Das Lob auf Brzoska spiegelt das wohl größte Problem des Bandes wider, nämlich die Verankerung vieler seiner Autoren, die dem Vertriebenenmilieu nahestehen, im nationalkonservativen Gedankengut, das den nüchternen Blick auf die historischen Gestalten der schlesischen Kirche trübt. So verwundert es nicht, dass etwa in der Biografie von Maximilian Kaller jeglicher Hinweis auf seine Hirtenbriefe vom Herbst 1939 ausbleibt, in denen der ansonsten herausragende Kirchenfürst den Angriffskrieg gegen Polen zu einem Verteidigungskrieg stilisierte und den Wehrmachtsoldaten zusicherte, ihr Kriegsdienst sei zugleich ein „Dienst am Herrn“.

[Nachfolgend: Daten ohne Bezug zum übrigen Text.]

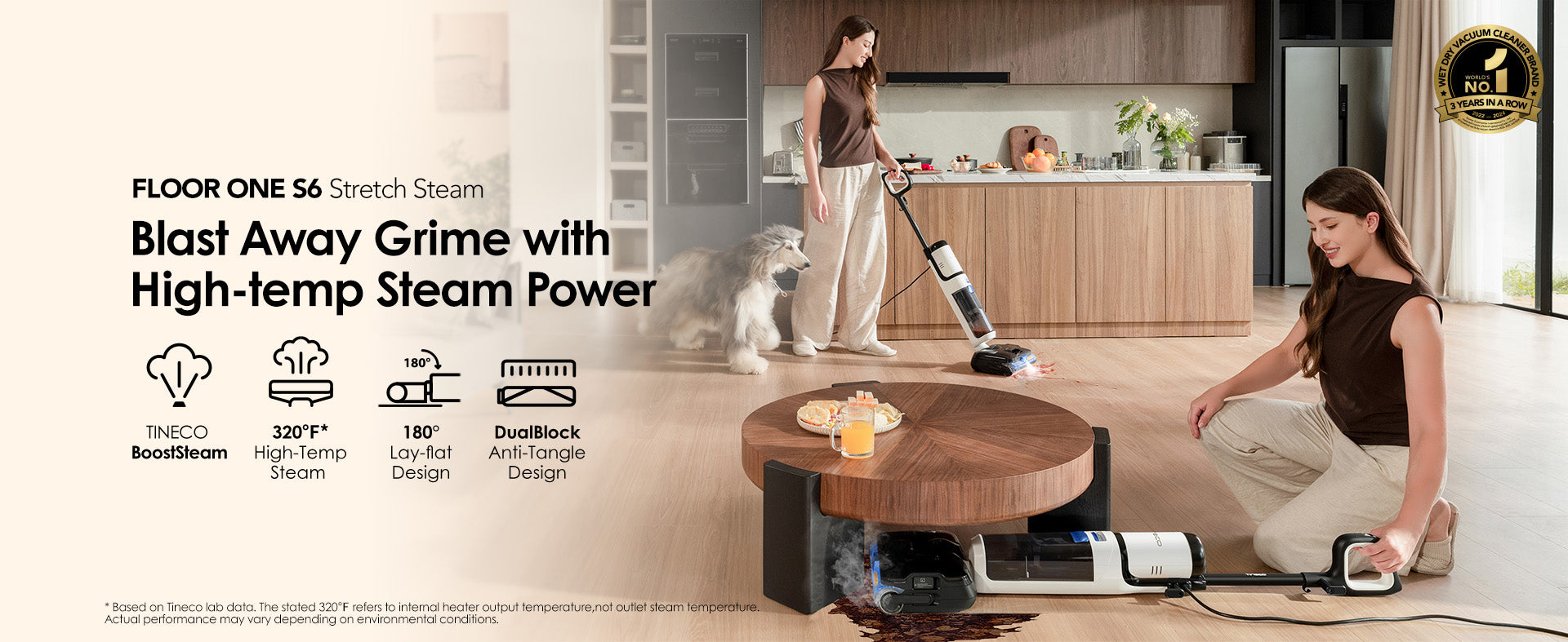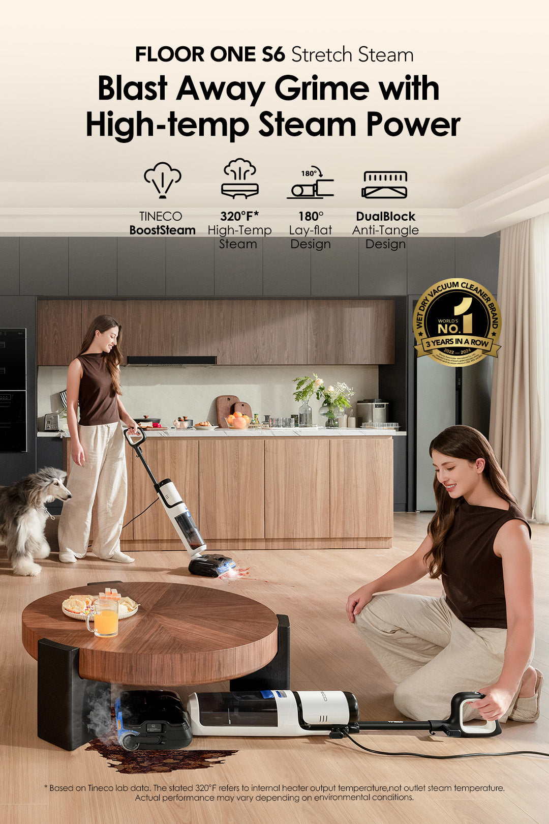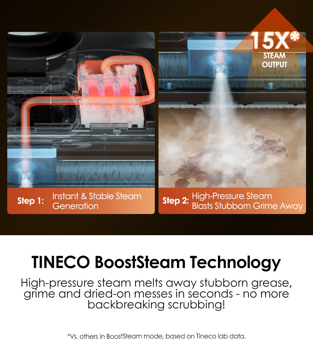 *Based on Tineco lab data. The stated 320℉ refers to internal heater output temperature,not outlet steam temperature.

Es verwundert nicht, dass Lucius Teichmann, der zur Bezeichnung der Verbrechen von Polen an Deutschen den Begriff „Holocaust“ benutzte und die Meinung vertrat, dass es „höchst ungewiss“ wäre, was bei einer Aufrechnung der deutschen und polnischen Verbrechen „unter dem Strich herauskäme“1, zu einem Wegbereiter der „Verständigung und Versöhnung“ stilisiert wird, dem es „um das Beseitigen versöhnungshemmender und irreführender Halbwahrheiten“ gegangen sei (S. 337).

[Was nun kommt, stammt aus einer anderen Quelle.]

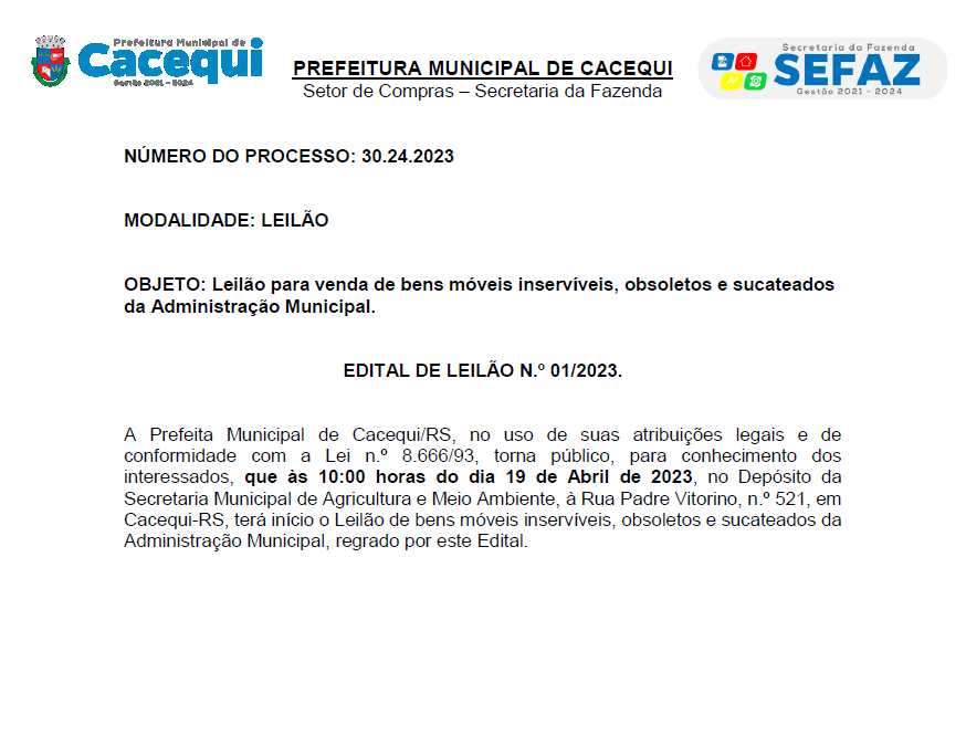 Edital nº 003/2023 COMDICA – Cacequi/RS

Und es verwundert nicht, dass schlesische Kirchenleute polnischer Gesinnung in dieser Veröffentlichung, so wie bereits in den Vorgängerpublikationen, drastisch unterrepräsentiert sind. Ob der Primas von Polen und Kandidat für die Papstwahl beim Konklave 1937, Kardinal August Hlond, der Autor des bahnbrechenden Versöhnungsbriefs an die deutschen Bischöfe von 1965 Kardinal Bolesław Kominek, der sowohl von den Nationalsozialisten als auch den Stalinisten aus seiner Diözese vertriebene Kattowitzer Bischof Stanisław Adamski, die Pioniere der polnischen Nationalbewegung des 19 Jahrhunderts Norbert Bończyk und Józef Szafranek, die seliggesprochenen Märtyrer der NS-Konzentrationslager Józef Czempiel und Emil Szramek, die für die Entwicklung der polnischen Nachkriegskirche verdienten Bischöfe Jerzy Stroba, Wilhelm Pluta und Teodor Kubina - allen ihnen und vielen anderen wichtigen polnischen Gestalten der schlesischen Kirche ist gemeinsam, dass sie von den jeweiligen Herausgebern der Biografien schlesischer Kirchenleute seit Jahrzehnten konsequent nicht beachtet werden.

Diese Leugnung der Multiethnizität Schlesiens, die wiederholt bemerkbare Unfähigkeit einzelner Beitragsautoren, selbst äußerst umstrittenem Gedankengut der vorgestellten Persönlichkeiten mit kritischer Distanz zu begegnen, und die auffallend unterschiedliche Qualität einzelner Biografien vermindern den Wert des Bandes weitgehend. Trotz aller Bemühungen der Herausgeber erfüllt er die Erfordernisse eines wissenschaftlich verwendbaren biografischen Lexikons nur zum Teil.

Robert Żurek, Berlin

1 Lucius Teichmann, Steinchen aus dem Strom, Berlin 1979, S. 271 und 292.